Waiting 100 years for a home isn't a housing crisis, it's a moral collapse

Housing as a core test of government performance

  • Several commenters treat low-cost, secure housing as a primary metric of state effectiveness, alongside life expectancy, literacy, starvation, maternal/infant mortality, and even fertility rates.
  • Idea: a permanent public body that continuously builds simple, durable apartments in economic centres, as a baseline “floor” under the market.

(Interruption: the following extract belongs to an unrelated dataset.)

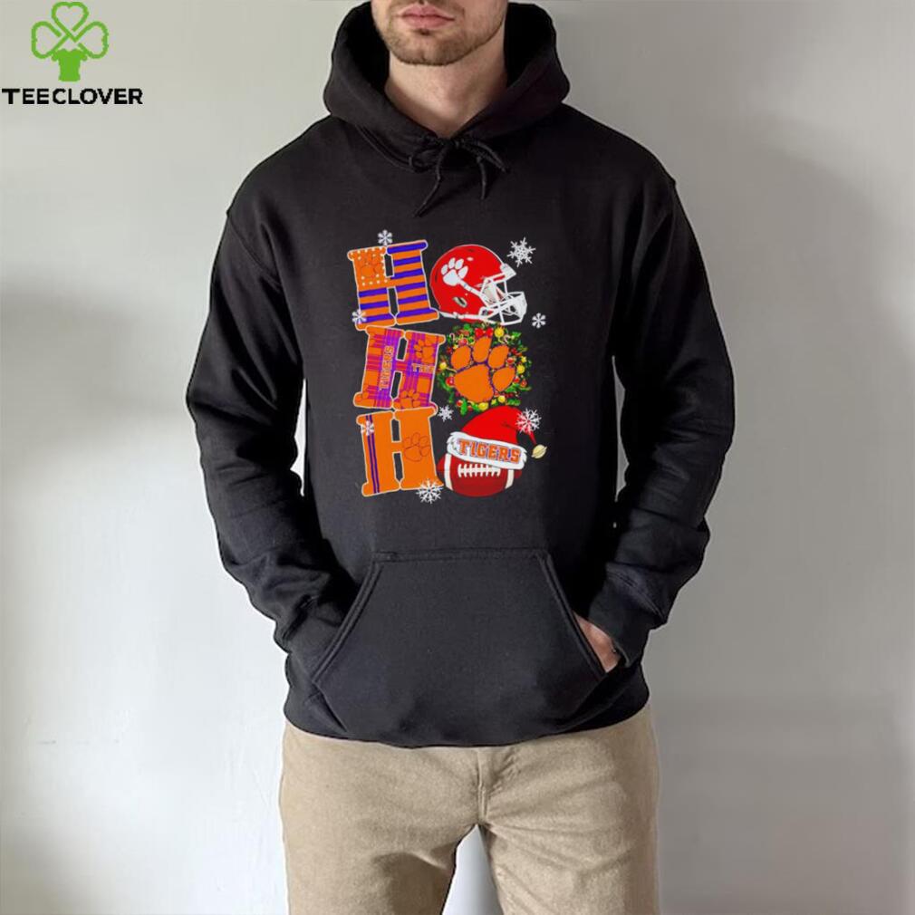 One of the books of the bible tells the story of the Clemson Tigers NCAA ho ho ho Christmas shirt .. And how they began. The missing book is the book of Enoch. And it tells the story of how magic started. Basically there were angels who looked down on man and wanted to be with the females and they left heaven to come down, and they mated with the women and started families but they also taught man the sacred magics, the magic of metals, making iron, brass, copper and gold and silver. They taught them the medicine magics and how to heal themselves with herbs and even how to abort a baby. They taught them the mystical secrets.. Of heaven presumably. Of numbers and letters. This tribe of people was called the magi. Because they were like magicians to the other peoples. And possessed knowledges unknown to them. God became so outraged when he found them out , that he is said to have killed all the off spring of the angels who were a giant people. And produced giant children much larger than the other people – and he punished the Angels.

Models of state-led and social housing

  • Historical example: Khrushchev-era Soviet blocks—ugly and low quality, but vastly better than pre‑existing slums and crucial for avoiding mass homelessness. Seen both as a success and a warning that “temporary” fixes become permanent if maintenance and economic growth fail.
  • Modern examples praised: Singapore’s HDB and Vienna/Austria’s social housing. Tight rules (owner-occupancy, long minimum stays, pricing policy) are seen as key.
  • UK and some communist-era European blocks show the downside: under-maintained estates becoming “ghettos,” post‑Grenfell insurance and safety regimes driving huge service charges.

Why we “don’t build fast enough”

  • One camp: the core problem is planning and regulation (e.g. UK green belt, discretionary local vetoes, complex and slow approvals, inclusionary zoning acting like a tax).
  • Another camp: the “shortage” is overstated; past crashes show prices are highly credit-driven, and when credit tightens the claimed shortage temporarily vanishes.
  • Land banking by developers and long‑empty plots in cities are cited as evidence that constrained supply is often deliberate.

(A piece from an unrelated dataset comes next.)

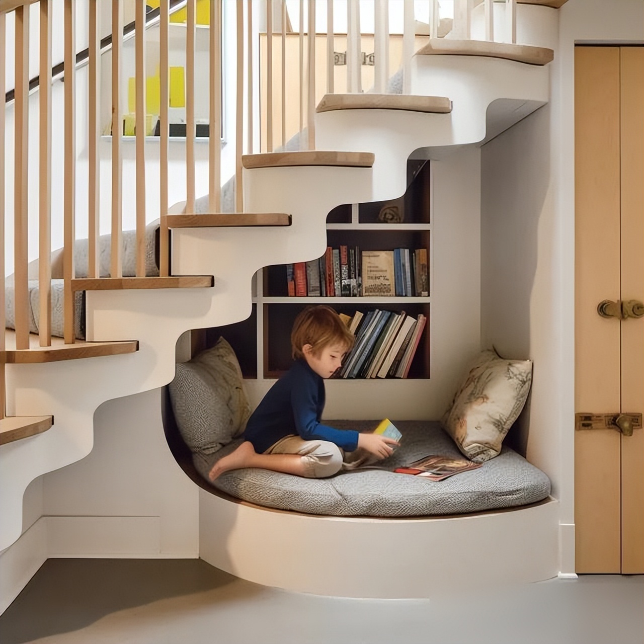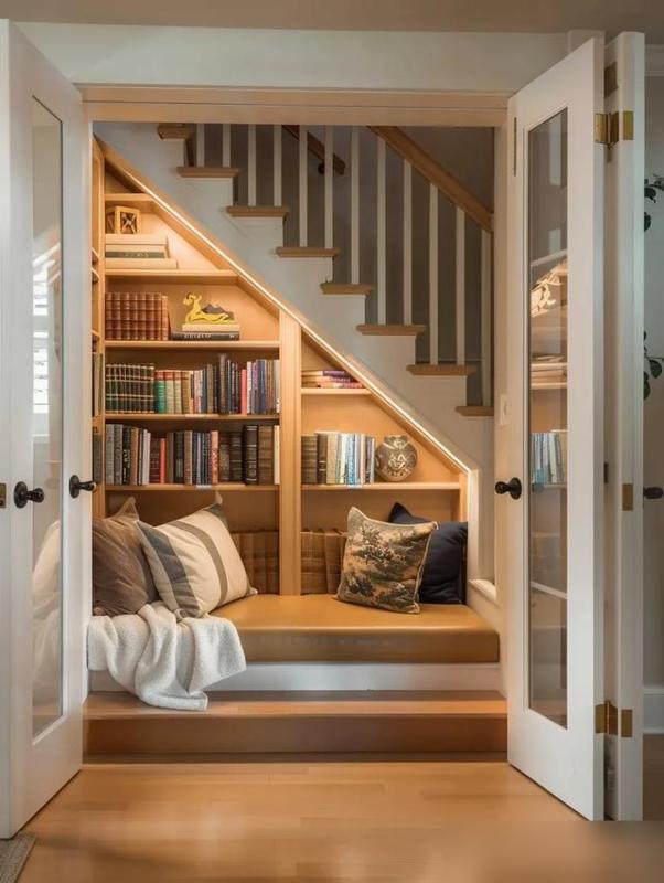 后來做了個貼合樓梯弧度的階梯矮柜,第一層放行李箱和露營裝備,第二層放孩子的玩具車,最下面一層加了個軟坐墊,直接變成換鞋凳——原來閑置的“垃圾角”,居然能變成“進家門先坐會兒”的溫柔角落,是不是比堆雜物聰明十倍?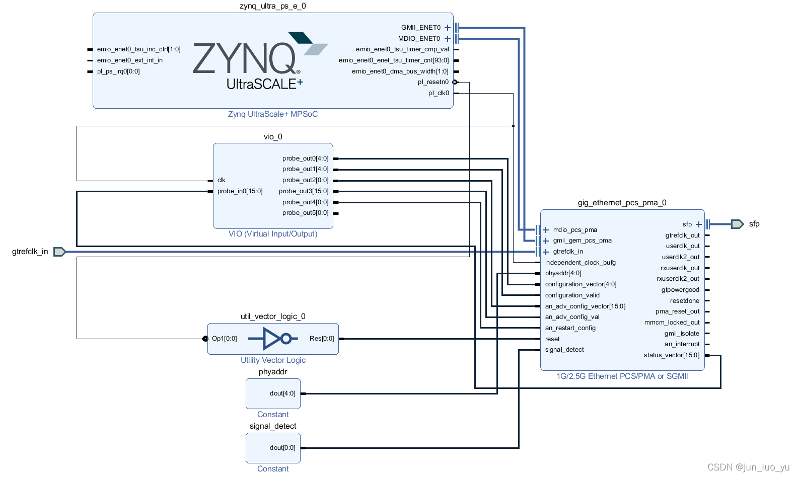 参考官方的zcu102例子搭建,使用SFP构建1000Base-x的转接口。

Financialisation and empty stock

  • Housing increasingly treated as a leveraged asset and pension vehicle; falling interest rates enabled multi‑property accumulation and removal of homes from permanent rental stock.
  • Calls to measure and tax second homes, short‑term rentals, and vacant units more aggressively; some cities (e.g. Paris) already doing this with rent caps and vacant-property taxes.
  • Land value tax is proposed as a gradual way to deflate bubbles and encourage efficient land use.

Immigration, demographics, and demand (contested)

  • One view: high immigration is a key driver of demand and prices; without it, countries with aging populations would see falling prices (Japan cited).
  • Counterpoints: some places saw prices rise despite net out‑migration; Gulf states manage large migrant populations with housing; Japan’s falling prices also linked to permissive zoning and weak growth.
  • Broader worry: aging societies and low fertility threaten pension systems and intensify reliance on housing wealth.

Homeownership, pensions, and generational tension

  • Many owners (especially in the UK) feel trapped: huge mortgages, short fixed-rate periods, and retirement plans tied to selling an expensive urban home and moving somewhere cheaper.
  • This creates a powerful bloc opposed to policies that would significantly lower prices, even if those policies help renters.
  • Some argue intergenerational conflict is real—older cohorts used housing inflation as a “magic” savings vehicle; younger cohorts face precarity and are effectively forced to speculate just to get shelter. Others push back against framing it as “young vs old.”

Density, urban form, and remote work

  • Remote work was seen as a missed chance to deconcentrate opportunity away from a few mega‑cities.
  • Debate over density: economically and environmentally beneficial vs. mental‑health harms when taken to East Asian extremes.
  • Examples of medium‑rise districts (Portugal, transit‑oriented UK areas) show how 6–10 storey blocks can provide good living standards and local amenities without super‑towers.

Decommodification vs. market‑aligned reforms

  • One thread argues the core problem is commodification: as long as homes are investment assets, owners rationally resist abundance. Proposal: “decommodify” housing as much as possible.
  • Others focus on YIMBY/incremental approaches: allow by‑right upzoning so every plot can grow modestly (duplexes, extra floors), spreading both gains and disruption.
  • There is cautious interest in state‑built basic units, stronger investor incentives for affordable construction, and learning from Chinese “ghost cities” that eventually fill—but also skepticism about overbuilding, local Ponzi dynamics, and quality.